- WHAT TO WORK ON -
Only one stretch of the data below is wanted: the lines starting at the one with "进入屋内,一种归家的宁静和安" and ending at the one with "і дрібну моторику.", both included, given again exactly.

====== RECORD EXCERPTS ======

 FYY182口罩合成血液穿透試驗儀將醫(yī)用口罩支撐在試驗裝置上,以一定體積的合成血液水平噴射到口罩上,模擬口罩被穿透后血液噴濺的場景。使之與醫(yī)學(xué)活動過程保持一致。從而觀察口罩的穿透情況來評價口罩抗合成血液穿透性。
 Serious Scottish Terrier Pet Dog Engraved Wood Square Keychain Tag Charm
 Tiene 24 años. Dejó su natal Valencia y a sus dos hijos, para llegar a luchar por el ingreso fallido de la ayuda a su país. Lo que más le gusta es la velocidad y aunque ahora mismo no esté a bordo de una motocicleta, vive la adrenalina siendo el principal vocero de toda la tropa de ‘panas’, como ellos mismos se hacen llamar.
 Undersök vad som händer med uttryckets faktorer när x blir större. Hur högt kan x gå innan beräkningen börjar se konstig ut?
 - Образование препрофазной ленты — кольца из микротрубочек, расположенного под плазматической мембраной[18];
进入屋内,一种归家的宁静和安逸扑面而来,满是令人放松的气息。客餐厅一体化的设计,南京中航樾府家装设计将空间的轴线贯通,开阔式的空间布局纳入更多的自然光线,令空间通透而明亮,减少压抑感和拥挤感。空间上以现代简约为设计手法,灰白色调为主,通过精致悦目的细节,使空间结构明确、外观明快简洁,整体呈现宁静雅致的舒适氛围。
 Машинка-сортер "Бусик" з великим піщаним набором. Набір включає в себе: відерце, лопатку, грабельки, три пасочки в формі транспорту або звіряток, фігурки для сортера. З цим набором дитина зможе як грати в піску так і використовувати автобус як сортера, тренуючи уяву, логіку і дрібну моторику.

======
====== RECORD EXCERPTS ======

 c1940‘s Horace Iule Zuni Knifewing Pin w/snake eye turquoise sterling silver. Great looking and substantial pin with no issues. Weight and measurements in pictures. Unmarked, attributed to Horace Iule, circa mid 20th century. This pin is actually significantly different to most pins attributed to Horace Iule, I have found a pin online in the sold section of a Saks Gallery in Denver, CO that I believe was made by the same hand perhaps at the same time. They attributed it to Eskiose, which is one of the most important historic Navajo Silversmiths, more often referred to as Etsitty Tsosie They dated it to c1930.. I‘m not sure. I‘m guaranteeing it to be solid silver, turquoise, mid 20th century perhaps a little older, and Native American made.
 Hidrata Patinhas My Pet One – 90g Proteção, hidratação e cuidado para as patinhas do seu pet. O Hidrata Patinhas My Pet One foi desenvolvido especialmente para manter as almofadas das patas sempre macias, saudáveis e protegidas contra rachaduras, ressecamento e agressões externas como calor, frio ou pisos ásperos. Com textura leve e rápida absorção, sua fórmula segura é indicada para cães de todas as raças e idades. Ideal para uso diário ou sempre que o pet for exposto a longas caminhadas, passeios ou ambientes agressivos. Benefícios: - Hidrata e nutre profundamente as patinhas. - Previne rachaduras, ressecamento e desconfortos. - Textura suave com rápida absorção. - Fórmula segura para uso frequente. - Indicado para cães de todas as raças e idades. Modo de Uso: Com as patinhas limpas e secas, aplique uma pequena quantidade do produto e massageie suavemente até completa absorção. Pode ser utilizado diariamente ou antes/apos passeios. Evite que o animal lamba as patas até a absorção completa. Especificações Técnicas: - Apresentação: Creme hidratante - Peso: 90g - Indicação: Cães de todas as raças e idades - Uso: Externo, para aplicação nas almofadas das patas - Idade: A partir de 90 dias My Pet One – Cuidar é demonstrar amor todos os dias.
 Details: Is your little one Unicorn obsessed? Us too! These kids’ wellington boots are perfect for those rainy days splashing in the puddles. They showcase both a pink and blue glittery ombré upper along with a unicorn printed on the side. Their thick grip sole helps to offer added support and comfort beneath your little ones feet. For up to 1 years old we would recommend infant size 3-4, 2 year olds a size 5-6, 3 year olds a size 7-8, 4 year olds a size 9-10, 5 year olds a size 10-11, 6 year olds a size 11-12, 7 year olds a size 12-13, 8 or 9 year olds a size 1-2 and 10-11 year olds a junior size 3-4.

======

- TASK OUTPUT -
进入屋内,一种归家的宁静和安逸扑面而来,满是令人放松的气息。客餐厅一体化的设计,南京中航樾府家装设计将空间的轴线贯通,开阔式的空间布局纳入更多的自然光线,令空间通透而明亮,减少压抑感和拥挤感。空间上以现代简约为设计手法,灰白色调为主,通过精致悦目的细节,使空间结构明确、外观明快简洁,整体呈现宁静雅致的舒适氛围。
 Машинка-сортер "Бусик" з великим піщаним набором. Набір включає в себе: відерце, лопатку, грабельки, три пасочки в формі транспорту або звіряток, фігурки для сортера. З цим набором дитина зможе як грати в піску так і використовувати автобус як сортера, тренуючи уяву, логіку і дрібну моторику.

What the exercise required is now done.